FIX YOU-NUGGET III

“She is going to kill me when she figures out,well before…never mind.I can see the murderous looks she darts at me and I know very well that if I don’t tell her soon,she’ll start those interrogations of hers that I don’t like because she literally scratches all surfaces,uncovering all hidden truths,leaving  me all naked.I have no idea how she does that,I did try taking a page or two from her and it did not go as expected.You can picture it.I trust this girl so much,this is an understatement.I do not know what kind of human being I would have been without her.I still think up to date she is my own kind of angel from the day we clicked ;she is not perfect,infact,she is far from it,she is not all bust-to-hips ratio 24:34 or whatever it is the universe wants to define as perfect because you know what,beautiful in my world has a very queer definition.It does not even have any specific words to it,I find beauty in the subtlety of things;like how she cannot do a perfect 180° cartwheel,hers is more of 108° and that is nothing compared to what she does,she starts off so well then midair her legs jumble up and communication between her brains and legs is cut short(enemies I tell you) and then she ends it up with a completely unknown stunt to the human race.I can bet only martians are aware of what is always going on with her at that particular moment,and how she stares off into the distance when she’s spacing out is beyond adorable because she makes multiple of faces,I can not even start imagining what silly arguments she’s normally having at those moments…”friends or big bang theory?undateable or baby daddy?No,new girl outdoes all those…uurgh,or maybe I should have someone else’s opinion on this.No,I think I can make a small decision by myself without anyone’s input or maybe I should just ask,but then again I think I actually want something that is science fiction themed or maybe a thriller.But why am I making such a fuss out of this?Jeez!I can be pedantic at times…”I am so sure it is such things that give her a hard time.Major things I tell you,major things.She is such a klutz,like who in the world is as klutzy(if this word exists at all)as she is.I swear at times I think of getting her real aid,maybe something from Help A Klutz Organization,you know.I kid you not,I’m not even exaggerating in any way though she says that I do,but I do not blame her because she’s not the one on the receiving end of her clumsy ways.

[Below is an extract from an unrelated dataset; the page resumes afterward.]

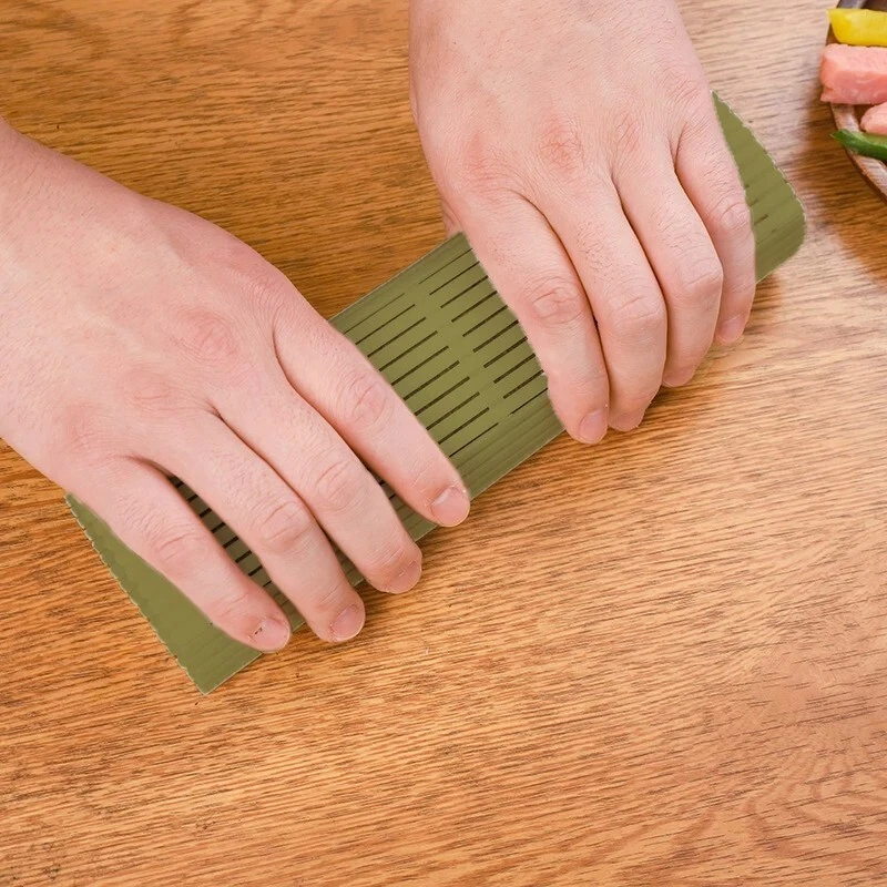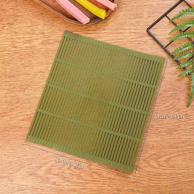 Sushi Roll Large Green Plastic Bamboo Mat Kimbap Making Tools Onigiri Rice Molds Create delicious sushi rolls and onigiri at home with this large green plastic sushi tool set. Designed for ease and convenience, it includes essential tools such as rice paddles, a bamboo sushi mat, and a sushi-making machine. Perfect for beginners and sushi enthusiasts, this kit makes crafting professional-quality rolls simple and fun. Durable, lightweight, and easy to clean, it's a must-have for any home kitchen or sushi-making adventure. Features: 1.Sushi rolling-- sushi mat roller these tools are essential for making sushi at home and can help you make delicious sushi. with the help of this mat, you can make sure that it does not loosen easily when cutting sushi. 2.Excellent material:sushi mat made of high-quality material,non-toxic,heat-resistant and corrosion-resistant and durable characteristics,safe and hygienic can be used with confidence. 3.Non-stick design:sushi mat plastic surface has a convex design,can effectively achieve the effect of non-stick,no longer need to add a layer of cling film on the surface to use. 4.Best gift - the sushi rolling mat is perfect for gift for your friends or lover, especially great for mother's day, halloween, christmas and suitable for family, travelling, camping and festival party. 5.Rolling mat-- sushi making supplies hosting a sushi party is a fun, hands- on culinary experience that your guests will never forget! you can also cook sushi rolls with your . it’ll teach your something new, and develop the fine motor skills of their hands. Specification: Item: Sushi-making kit Type: kimbap sushi roll Material: Plastic Size:24x21cm/9.45x8.27in Usage: Sushi Tool Package Included: 1 x Pc sushi roll mat

And when she is paying attention to me,she maintains some serious eye contact which I find oddly attractive for a person.You know the lame saying ‘eyes are the windows to the soul’,I think I see right through to her soul, as cheesy as that sounds.She has serious eye contact,it’s like she is a fortune teller of some sort chanting their way into you or a sorcerer perhaps,I’m still debating on which is her stronger suit of the two.She is also the fearless  kind,I did not even know such kind of personalities did exist and it is not that hers is acquired from life’s harsh blows or anything. C’mon, have you seen where the girl lives?That kind of life doesn’t have blows,just little handshakes or maybe I am stretching it a little.She is just a natural at it and then on top of it, a ton of life’s rough “handshakes”.She is the bold kind,the ones who are not afraid to speak their minds.Her mouth runs as fast as that deer out there in the Mara and I like her because of that,even with the many slips, wrong choice of words ,the unfiltered words,she still nails it and the best thing is that she is a fierce lover despite the fact that she loathes it when I tell her that and never admits it,at least to my face.She’s the sacrificial type,she would do anything for the people she loves,kill a mosquito even,like don’t you mess with her loved ones lest you face her wrath.

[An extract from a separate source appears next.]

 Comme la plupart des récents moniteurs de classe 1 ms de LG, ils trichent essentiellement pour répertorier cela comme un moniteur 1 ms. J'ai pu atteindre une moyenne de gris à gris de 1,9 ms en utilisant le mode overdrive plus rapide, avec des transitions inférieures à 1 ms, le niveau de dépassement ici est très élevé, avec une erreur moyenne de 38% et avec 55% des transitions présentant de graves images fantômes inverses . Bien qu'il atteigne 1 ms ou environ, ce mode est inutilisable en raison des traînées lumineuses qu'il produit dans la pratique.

With her,I’ve been a better person,a better friend,a better son,a better brother.I quit my douche bag tendencies when I realized that someone,maybe there’s someone who can understand you as a person.My dark soul was so used to hiding in the gallows,covered with cobwebs and layers and layers of dust but she came with such bright light-glowing,shimmering light-that cleared all that away almost instantaneously. I should admit I was quite the piece of work,but it is the end product that we’re looking at,isn’t it?So, I still say she is the angel that my life needed and what timing could be perfect other than this?I think I should shout it on the rooftops,no?That would not be enough.Serenade her?Wait…What?Am I looking for her hand in marriage stupid?hell naah!Even if I write it on my forehead and scream into her earlobes,she would love that for sure but she would not show it,brush it off like it is nothing but deep down I know the number of times she is fist bumping the air and doing some silly happy dances inside her head.

See why I can not tell her all that is going on because I know it will crush her,literally.It will tear her apart and she will try to act like nothing happened,like there’s no thick,grey cloud hovering above waiting for the downpour go-sign.She will put up a fearless composure,the nothing-can-shake-me one, but that will last for what?A day?Two days?A week?My resolve is wearing out and my conscience too is going down the drain.I’m in a standstill,the proverbial caught between a rock and a hard place.She is a combination of all these amazing things and if I do tell her,the radiating light that reflects in her eyes will slowly but surely die because of me.I can not be selfish like that.I have to be selfless.God ,I’m trying so hard,so damn hard and I do not know,I just don’t.”